Jail Outreach: Why This Isn’t Enough


Earlier this semester, I got to experience the rehabilitation side to prostitution through attending RISE court which is responsible for ending the endless sexual exploitation cycle of abuse, addiction, and incarceration (see blog post here). Even though each and every women’s journey through the RISE program had major struggles most of them ended positively. Last week, I got to experience a different narrative of these victims’ stories by attending Jail Outreach. The Jail Outreach program, through the Net, pairs up volunteer women with a women in the Tarrant County jail who have been sexually exploited. Volunteers go weekly to mainly provide friendship, support, and peace.  These women, unlike the women in RISE,  are still stuck in the cycle and do not usually see an end.

Outside of the Tarrant County Jail
Via: NBCDFW

While the volunteers were talking to the women the group from TCU got the opportunity to sit in the lobby and chat and ask questions with Remi one of the volunteer leaders. It was instantly recognizable when talking directly to Remi or listening to the group conversations that these victims are helpless and just want a better life, which is one of the main lessons I have learn throughout this semester about prostitution. These women are victims, who desperately want out of the sex industry. It was heart breaking to hear the individual situations of the women that were being visited. I gained some perspective about the situations that these women are in and it shined some light on their situations to hear about the relationships built with the volunteers and victims.

purchased-two.jpg
Picture via: thenetfw.com

As we asked more questions and the conversations progressed I understood the helpfulness of this program and the meaningfulness of building relationships with these women, but I couldn’t help and think about Evelyn Chumbow (find her story here) and Shamere Mckenzie (find her story here), the two women that spoke to us in class and their messages.
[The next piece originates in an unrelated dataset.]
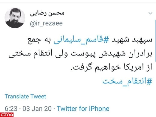 محسن رضایی بدنبال شهادت سرلشکر قاسم سلیمانی پیام توییتری منتشر کرد.
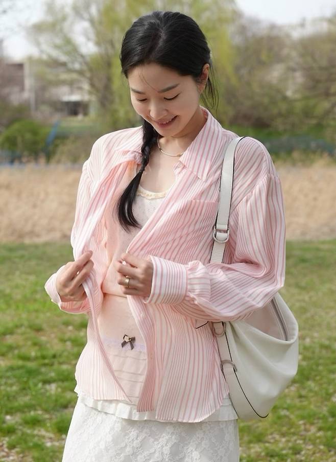 그룹 신화 전진의 아내 류이서가 핑크 스트라이프 셔츠로 벚꽃 여신 미모를 발산했다.

Yes these women need support, but a 30 minute conversation with a privileged young woman who is a complete stranger isn’t going to save them from their situation. Evelyn’s story really spoke to me when I was processing this experience. Without her pro bono lawyer and employment Evelyn would have been stuck in the cycle created by her situation. Evelyn’s main message is that victims are usually exploited for their stories but are just given empathy, not actual productive help, which is what they need. These women are still in the cycle of abuse, addiction, and incarceration and they need the help that Evelyn received which was productive.

This experience opened my eyes to not only what these women are dealing with, but also what we should be doing to help them, which in my opinion should go beyond outreach programs. Implementing more programs around the nation like RISE court, finding these women meaningful employment, and fixing our legal system are more productive ways to help these women.